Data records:
-- Opening Marker --

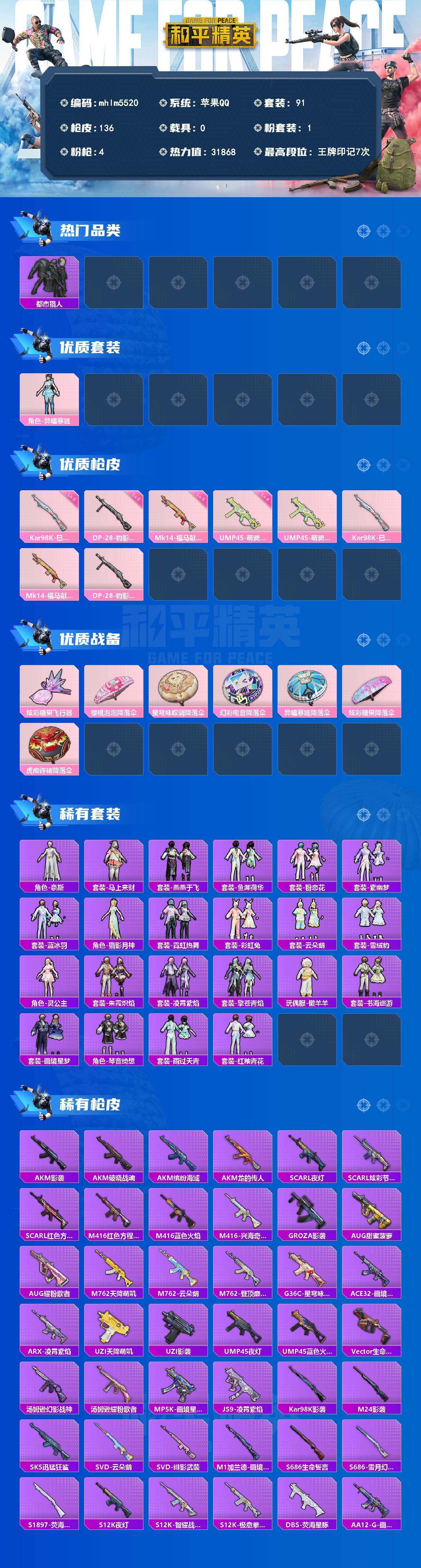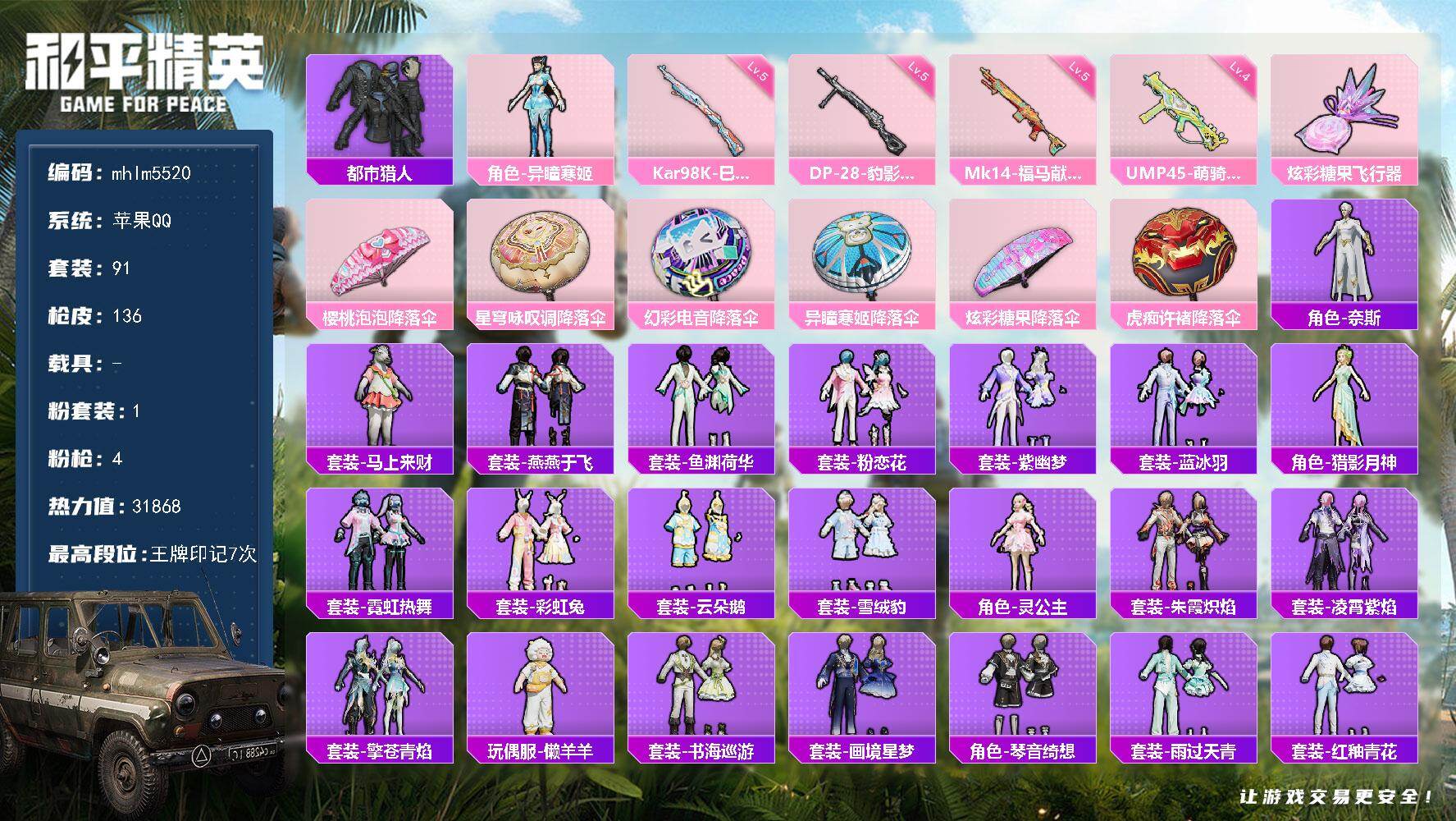 【mhlm5520】苹果 手Q-1粉装-4特效枪-0载具-1粉色飞行器-31868热力值-7王牌印记-91套装-136枪皮
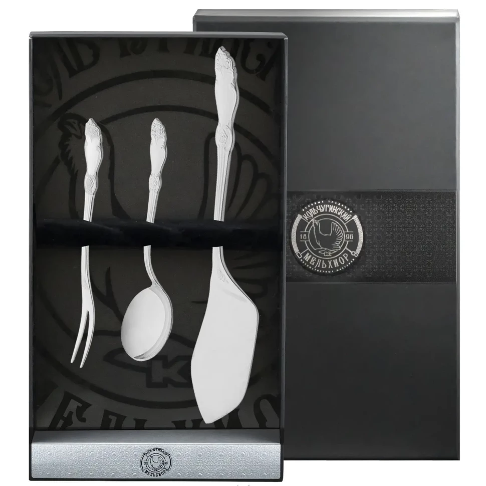 Набор чайный "Серебряная Роза": вилка для лимона, лопатка для пирожного, совок для сахара посеребренный
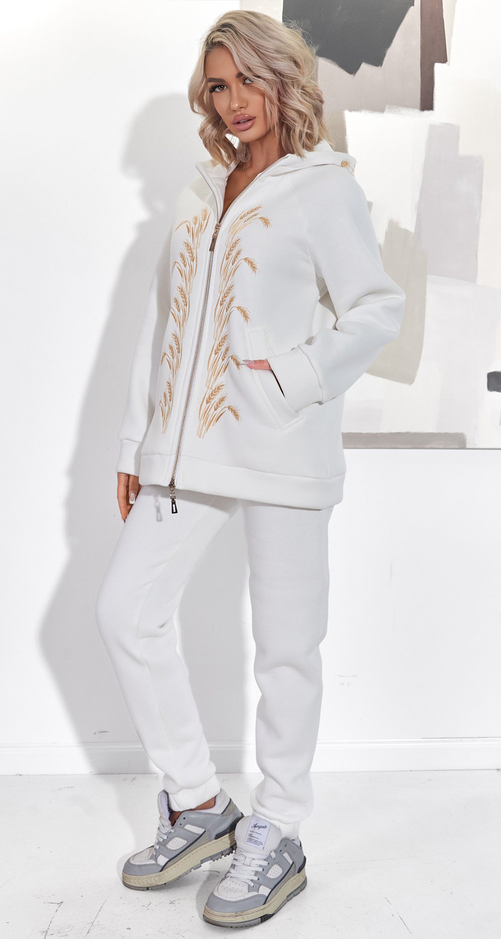 Уникальная Вышивка: Центральный акцент – изящная вышивка в виде золотых колосьев на худи. Этот символичный и стильный элемент придает костюму особую элегантность и национальный шарм.
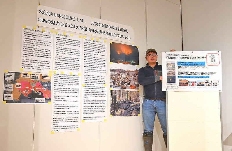 伝承施設の開業は、火災の記憶が風化していく中で、被災した綾里に発信の拠点をつくることで「山火事被害の再発を少しでも防ぎたい」という思いから計画。市大規模林野火災の発生以降も、全国的に山火事が多発している現状を踏まえ「個人的な伝承活動で終わらせてはいけない」とプロジェクトを立ち上げた。
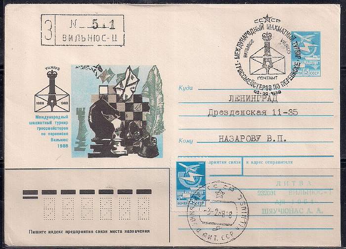 ХМК со спецгашением. Международный шахматный турнир гроссмейстеров по переписке, 03.02.1988 год, Вильнюс почтамт, заказное, прошел почту
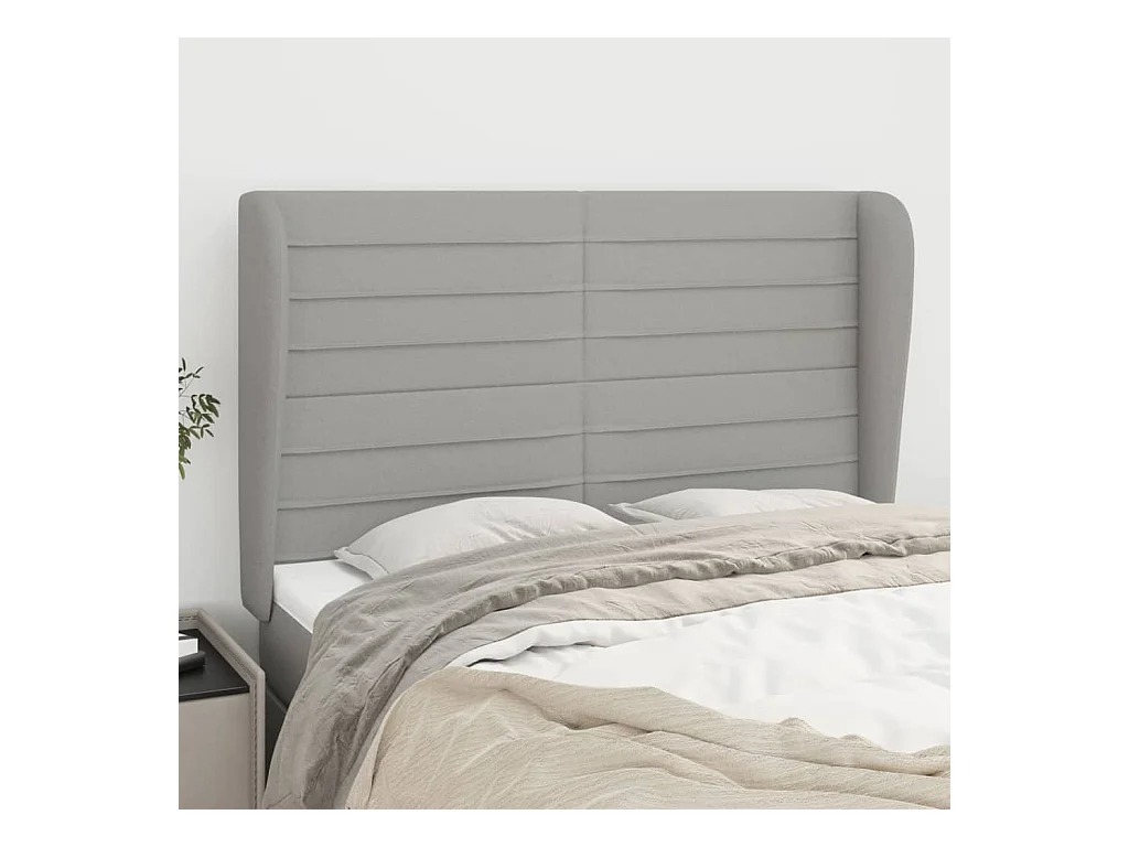Tête de Lit | Panneau de tête pour lit Moderne avec oreilles Gris clair 147x23x118/128 cm Tissu

-- Closing Marker --

__Task item__:
Exactly the lines from the one holding "ХМК со спецгашением." through the last line of the entries must be set down, with nothing added and no pictures.

__Worked solution__:
 ХМК со спецгашением. Международный шахматный турнир гроссмейстеров по переписке, 03.02.1988 год, Вильнюс почтамт, заказное, прошел почту
Tête de Lit | Panneau de tête pour lit Moderne avec oreilles Gris clair 147x23x118/128 cm Tissu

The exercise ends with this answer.